Keine Übermodifizierung auf Basis der EU-Richtlinien!

10.03.2010

Der ZGV lehnt die von der Europäischen Kommission in ihrer aktuellen Konsultation zur Diskussion gestellten IFRS für KMU ab. Dieser Rechnungslegungsstandard ist fachlich und ordnungspolitisch verfehlt. Er wird den Bedürfnissen des Mittelstandes nicht gerecht und verursacht stattdessen übertriebene Bürokratie und Kosten.

Erst wenn Klarheit über die Rechnungslegungszwecke und die Bedürfnisse der Adressaten besteht kann ein modernes Rechnungslegungssystem auf Basis der EU-Richtlinien entwickelt werden. An dieser Stelle darf keine Übermodifizierung stattfinden.

„Den Bedürfnissen des Mittelstands wird dabei am ehesten eine Rechnungslegung mit vorsichtiger Zahlungsbemessung gerecht, die dem Gläubigerschutz, der Kapitalerhaltung, der Bemessung von Steuern und Ausschüttungen zweckdienlich ist“ stellt ZGV-Präsident Wilfried Hollmann klar. Gerade die Erfahrungen aus der Finanzkrise sollten zur Renaissance des Gläubigerschutzes und der Kapitalerhaltung führen.

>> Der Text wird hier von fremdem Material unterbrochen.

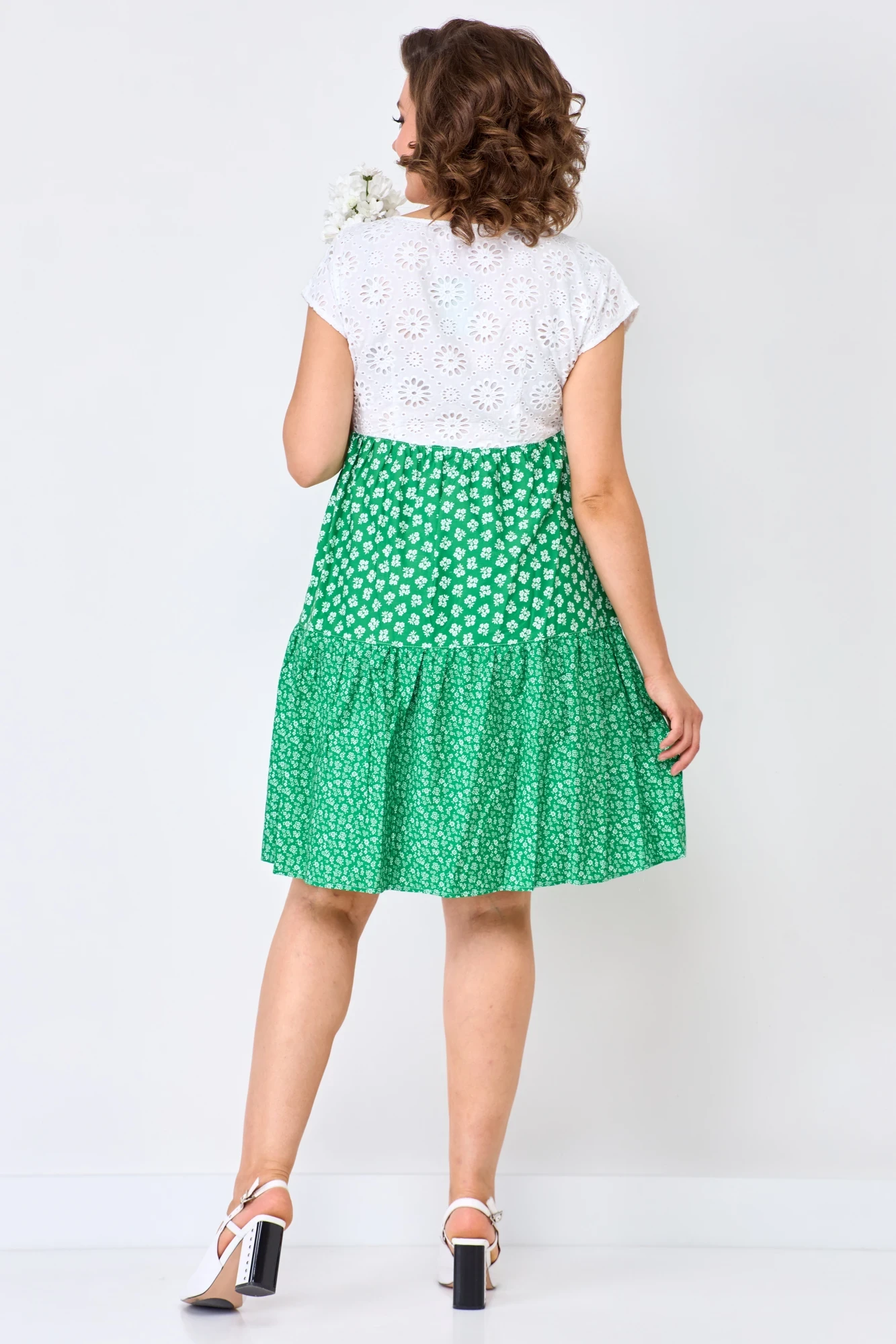 Платье женское из хлопковой ткани отрезное чуть выше линии талии. Нижняя часть платья состоит из 2 воланов на сборке. По лифу переду нагрудные вытачки идущие от низа. По центру лифа спинки односторонняя складка, которая декорирована пришивными пуговицами. Лиф спинки с талиевыми вытачками. Горловина округлая, рукав цельнокроеный, спущенный, типа «кимоно». Застежка - потайная молния в боковом шве. Украшением платья служит брошь - бабочка. Деликатная стирка при 30 градусах!

Rein informationsgetriebene IFRS-Standards seien daher für den Mittelstand entschieden abzulehnen. Zudem würden die zentralen Zielsetzungen der demokratischen Rechtssetzung, der Harmonisierung, der Subsidiarität und des Bürokratieabbaus verletzt. Die Standardsetzung für den Mittelstand sollte keinesfalls auf dem privat organisierten IASB übertragen werden.

Der ZGV kritisiert zudem, dass nach wie vor im IAS 32 die Bewertung von Genossenschaftsanteilen als Eigenkapital nicht sichergestellt ist.